*WORK ORDER*:
Write out exactly the lines from the one containing "最後,費穎欣同學以中國共産黨" to the end of the material, both ends included, and nothing else. Leave pictures out.

*AVAILABLE DATA*:
▬▬▬
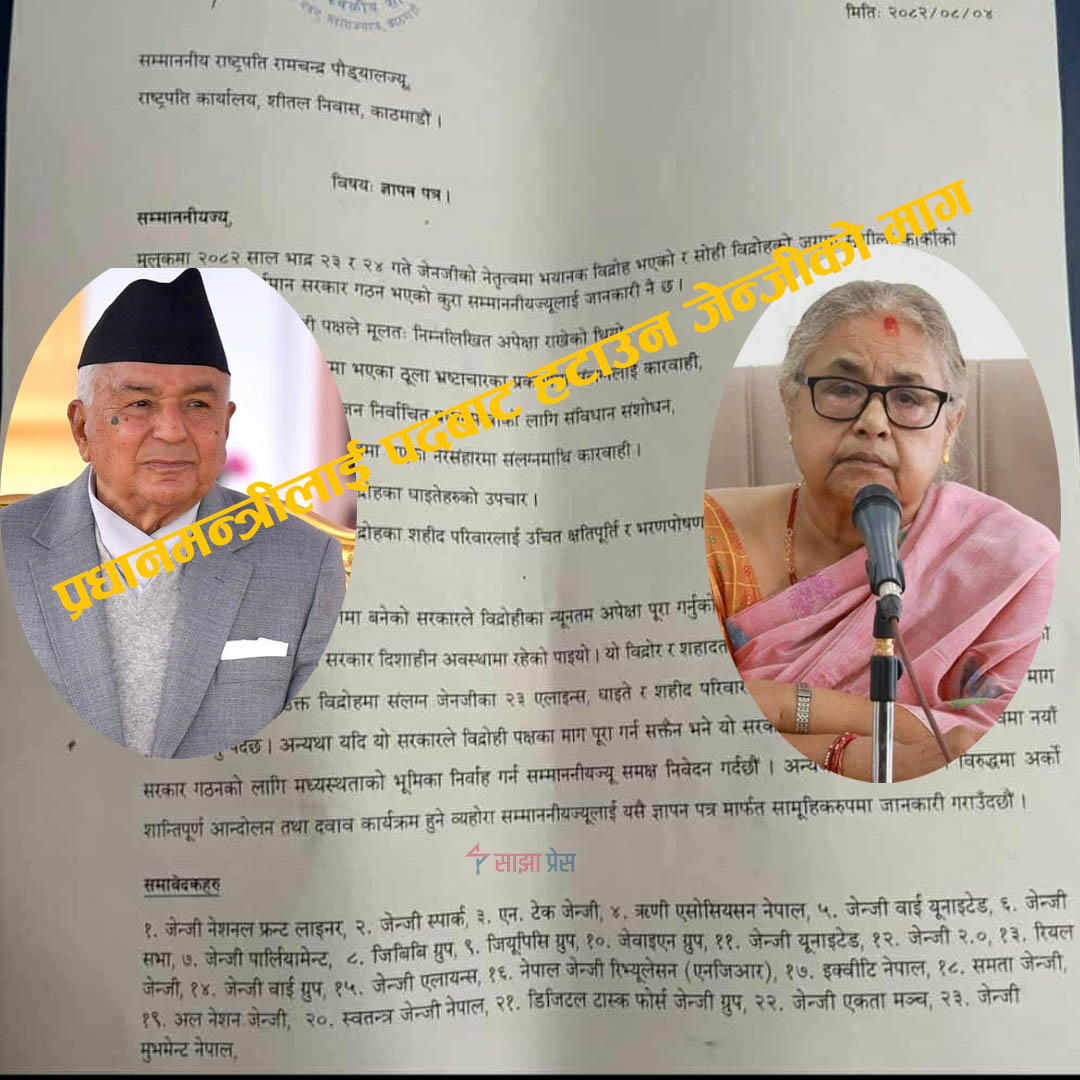 बिहीबार जेनजी २३ समूहले राष्ट्रपति रामचन्द्र पौडेललाई संयुक्त ज्ञापनपत्र बुझाउँदै वर्तमान सरकारलाई फिर्ता बोलाई नयाँ सरकार गठनका लागि मध्यस्थता गर्न आग्रह गरेका हुन् ।
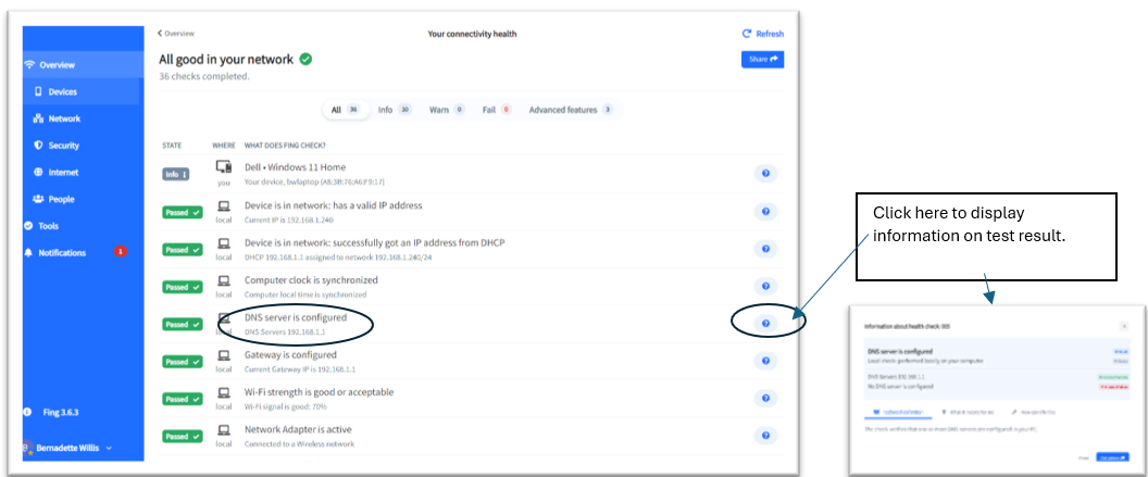 The Connectivity Report provides a detailed connectivity status in real time for your network, for example, DNS, DHCP, and Gateway information, whether it can access common destinations, as well as whether it passed or failed tests for good connectivity. Go to Connectivity Report for more information on this report.
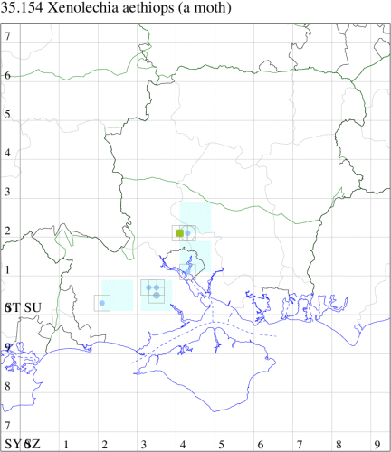 Rare (proposed as a future Red Data Book species) on heathland and moorland in parts of Britain, formerly more widespread. Recorded in Hampshire for the first time at Chandlers Ford on 7 May 1922, then intermittently near Beaulieu Road station and at a few other sites in and around the New Forest from 1938 until 1973, but apparently not since. Not recorded from the Isle of Wight to date. Wingspan 16-20 mm. Similar to dark specimens of
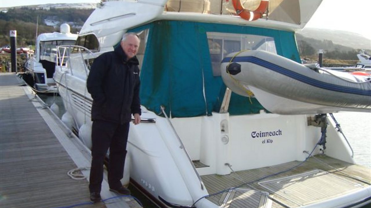 Iain MacIlip le Catriona Mhoireach a' coimhead ri bà taichean san Leargaidh Ghallda. Iain MacKillop takes Catriona Murray boat-spotting in his favourite place, Largs.
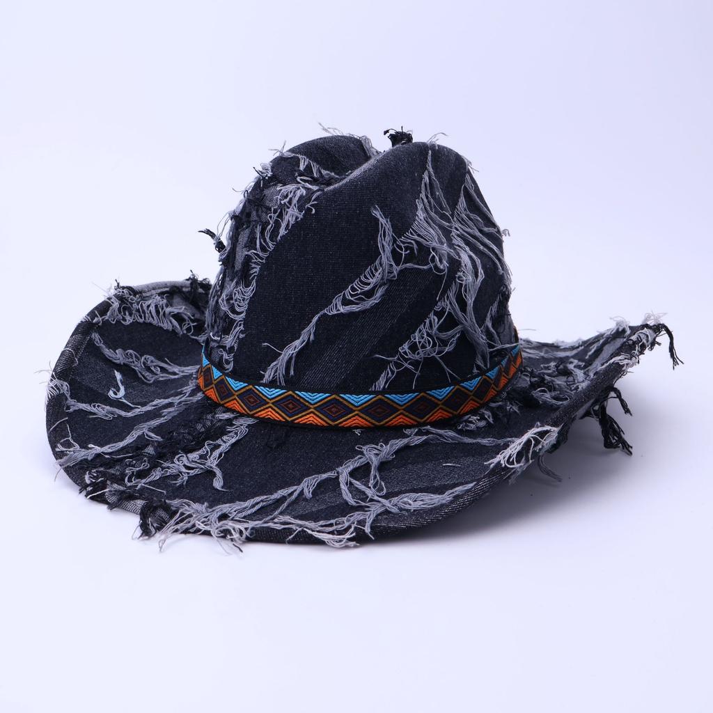 Denim One-Word Top Top Top Hat Jazz Hat Ripped Retro Western Cowboy Hat
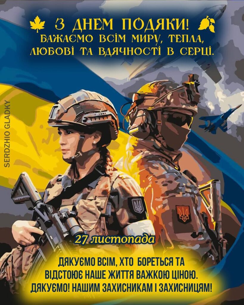 А ще, хочемо подякувати нашим захисникам та захисницям, які віддають за нас життя, тому ми не маємо жаліти слів, щоб сказати їм: “Дякую”. Але інколи буває так, що хочеться сказати багато, але у вирі емоцій не можеш підібрати жодного слова. Дякуємо Вам, наші Герої, за твою сумлінну службу і надійний захист. Ви — наша гордість і опора родини. Завдяки Вам ми живемо і мріємо про краще майбутнє разом!
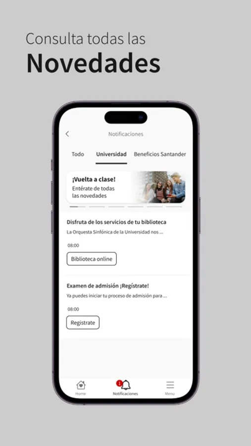 2.Conocer al momento las noticias, eventos y anuncios más relevantes de tu universidad.
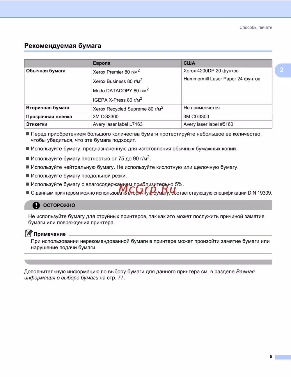 - Сначала убедитесь в том что используемая бумага соответствует рекомендуемым спецификациям компании brother см раздел какую бумагу можно использовать на стр 4 p.67
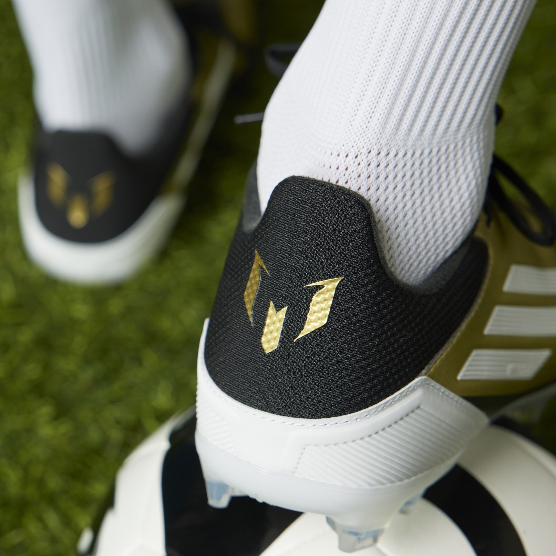 La Adidas F50 están diseñadas para ofrecerte la máxima velocidad dentro de un campo de futbol y su máxima demostración es el astro argentino Leo Messi. Fabricada con FIBERTOUCH en la zona del empeine que se compone de un material muy ligero y moldeable que se adapta perfectamente la zona del pie brindando un excelente ajuste. Su color dorado y negro son un homenaje a las que utilizo en el FC Barcelona en el año 2010 en donde se alzaron con todos los títulos posibles.
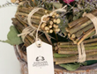 Diseño floral con 12 rosas preservadas en base de corteza reutilizable y complementos verdes.
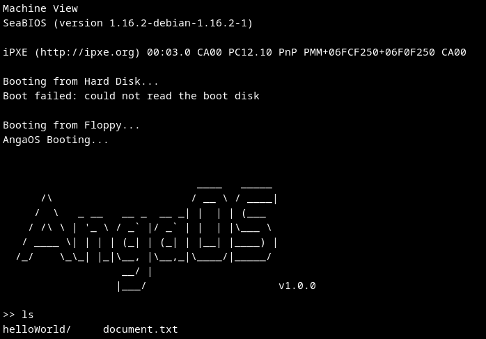 >> AngaOS is a very bare bones implementation of a bootloader, kernel & operating systemThis project is still under development, but i've added some basic features like ls, mkdir, cd, rm & touch, and they all do exactly what you think they do, and should work they same as on linux
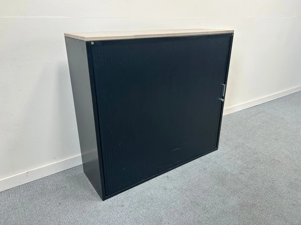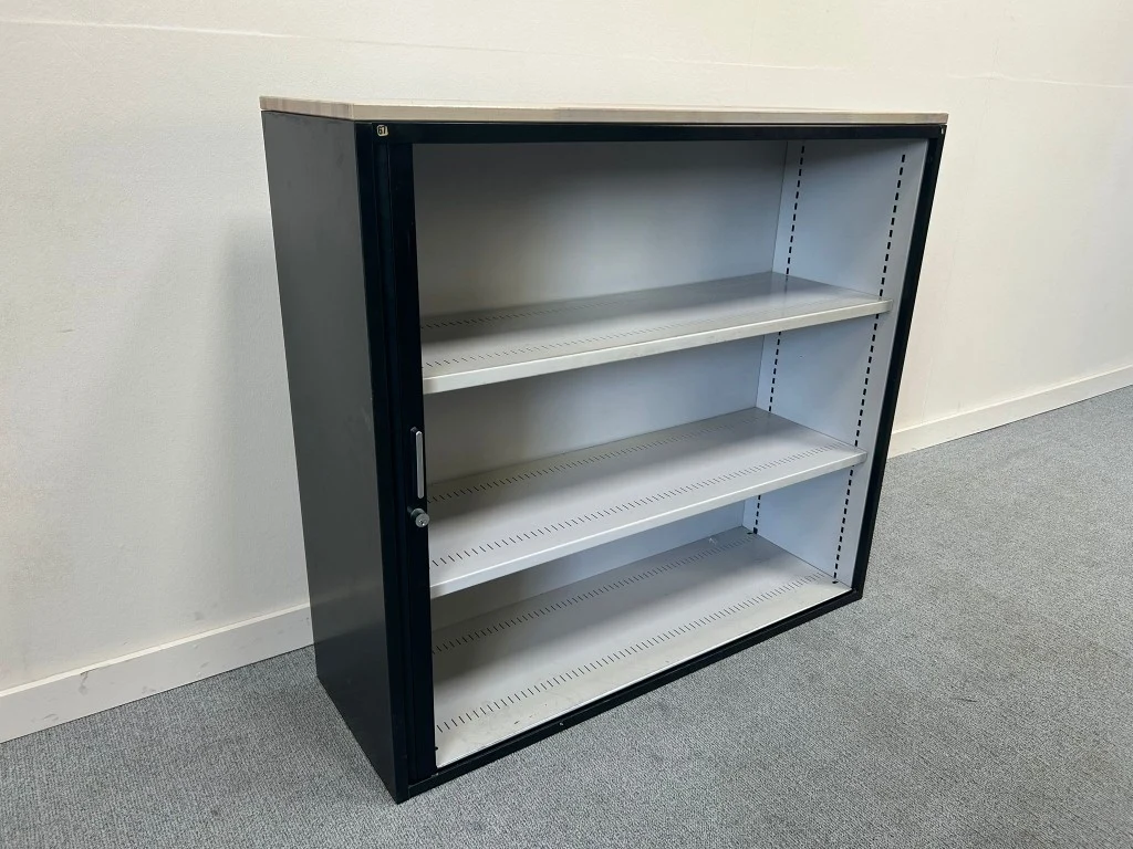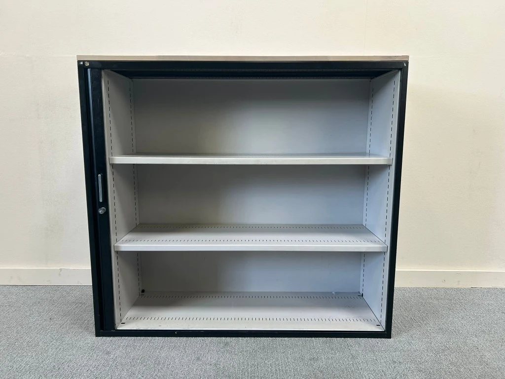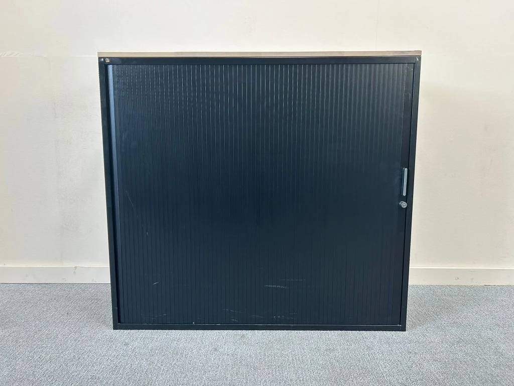 1x LISTA Halfh Vert Roldeurkast H120xB110xD40 - Zwart/Metaal, Sleutel afwezig (V0325), lichte krassen en gebruikssporen
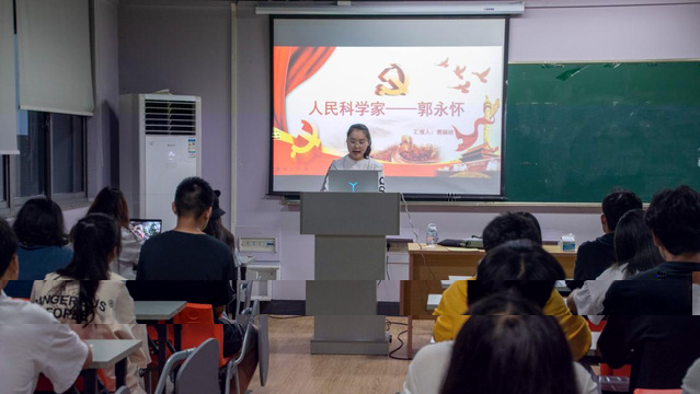 最後,費穎欣同學以中國共産黨史上優秀黨員為例,聲情并茂地介紹人民科學家——郭永懷的事迹。鮮活的紅色故事讓同學們感受真切,并紛紛表示要繼承和發揚共産黨員的革命精神。
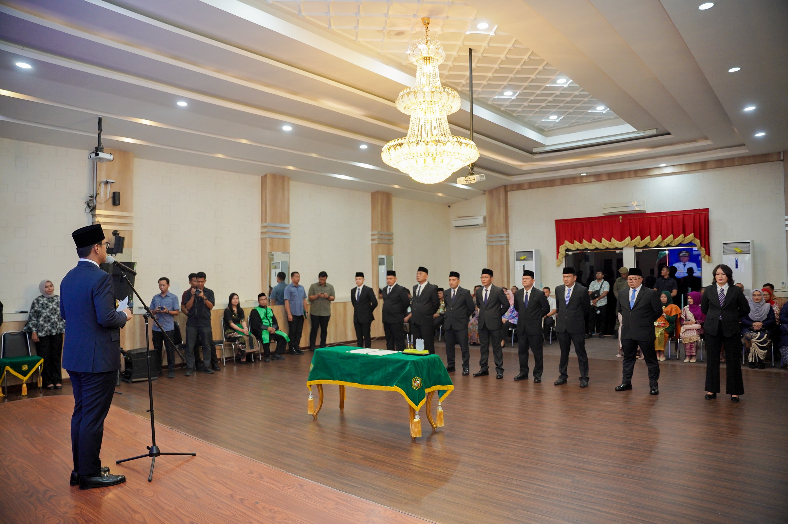 MEDAN (Berita): Wali Kota Medan Rico Tri Putra Bayu Waas melantik dan mengambil sumpah janji jabatan sebanyak 9 orang Pejabat Pimpinan Tinggi Pratama di lingkungan Pemko Medan, Kamis (21/8/2025). Dalam pelantikan yang dilaksanakan di Ruang Rapat III Balai Kota, orang nomor satu di Pemko Medan ini menegaskan, jabatan yang diamanahkan bukan sekadar kebahagiaan, tapi tentang tanggung jawab.
▬▬▬
*RESULT OF THE TASK*:
 最後,費穎欣同學以中國共産黨史上優秀黨員為例,聲情并茂地介紹人民科學家——郭永懷的事迹。鮮活的紅色故事讓同學們感受真切,并紛紛表示要繼承和發揚共産黨員的革命精神。
 MEDAN (Berita): Wali Kota Medan Rico Tri Putra Bayu Waas melantik dan mengambil sumpah janji jabatan sebanyak 9 orang Pejabat Pimpinan Tinggi Pratama di lingkungan Pemko Medan, Kamis (21/8/2025). Dalam pelantikan yang dilaksanakan di Ruang Rapat III Balai Kota, orang nomor satu di Pemko Medan ini menegaskan, jabatan yang diamanahkan bukan sekadar kebahagiaan, tapi tentang tanggung jawab.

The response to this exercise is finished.